On Living in the Pandemic Age

By: Hart Hillman

Adversity, in business and beyond, is unavoidable; the only power we have over it is in how we choose to manage it.   

As someone who has been in the leadership business for over 20 years, I’ve spent my career studying how our best business leaders react and adapt to difficult circumstances. This disease, however, doesn’t discriminate, and will ultimately touch each and every one of us. As a result, there is an opportunity for everyone to demonstrate strong leadership, to take responsibility for his or her actions, to offer assistance to those in need, and to improve our own wellbeing by supporting those around us.

Remaining optimistic in the face of a global pandemic that will kill thousands and impact millions isn’t an easy task, and by no means am I attempting to downplay the seriousness of this situation. However, my experience has demonstrated how, despite having little control over what happens to them, the best leaders are able to remain calm under fire, seek out positive solutions, and demonstrate to others that there is a steady hand at the wheel. This moment in time is absolutely unparalleled, but as we face down this global pandemic many of the same rules apply.

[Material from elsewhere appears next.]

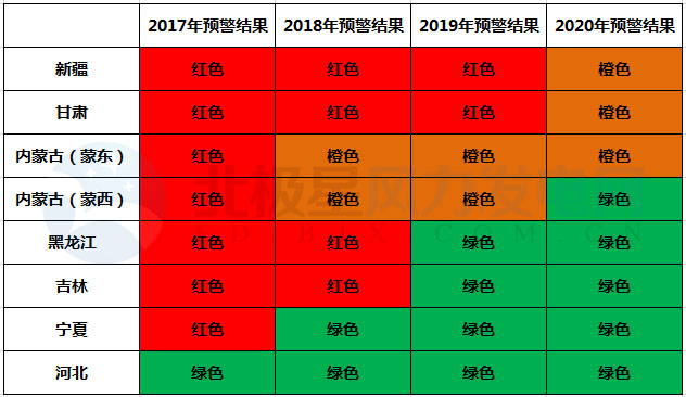 內(nèi)蒙古解除紅色預(yù)警后,不到兩年時(shí)間就接連批復(fù)了多個(gè)吉瓦級(jí)大項(xiàng)目,裝機(jī)容量突破了30GW。而這兩地的風(fēng)資源并不遜于內(nèi)蒙古,可以想象解除紅色預(yù)警,僅僅存量項(xiàng)目就可釋放巨大的空間。

Much will test our resolve in the coming weeks, and while we can only do so much to control the spread of the virus we can make this very difficult situation better by being mindful of our approach, attitude and outlook. After all, reality is informed by one’s perception. Even when things are objectively trying, it’s often just a matter of how we choose to react.  

As CS. Lewis wrote in 1948’s “On Living in an Atomic Age,” at a time when humanity was grappling with the possibility of total annihilation:

 If we are all going to be destroyed by an atomic bomb, let that bomb when it comes find us doing sensible and human things—praying, working, teaching, reading, listening to music, bathing the children, playing tennis, chatting to our friends over a pint and a game of darts—not huddled together like frightened sheep and thinking about bombs. They may break our bodies (a microbe can do that) but they need not dominate our minds.

Don’t get me wrong; it’s been difficult to ignore the instinct to retreat, panic shop, hunker down and maybe even give up. Each day has been a wild swing of emotion, ranging from deeply optimistic to deeply fearful as the impact and reality of this global epidemic hits increasingly closer to home.

 What I’ve discovered through this experience, however is that what you choose to focus on will ultimately become your reality. Watching hour after hour of alarmist newscasts can strain even the strongest and most optimistic amongst us. Rather than watching the wreckage unfold on live television, hard as it may be to look away, we can instead help improve our own state of mind by dedicating our time and energy to nobler causes. Reach out to friends, family and associates, spend a little extra time on the phone, really listen to what they’re going through and offer a helping hand whenever possible, especially to those most vulnerable. Doing so will go a long way in improving your own wellbeing, the wellbeing of those around you, and by extension strengthen our collective resolve against a very real threat. 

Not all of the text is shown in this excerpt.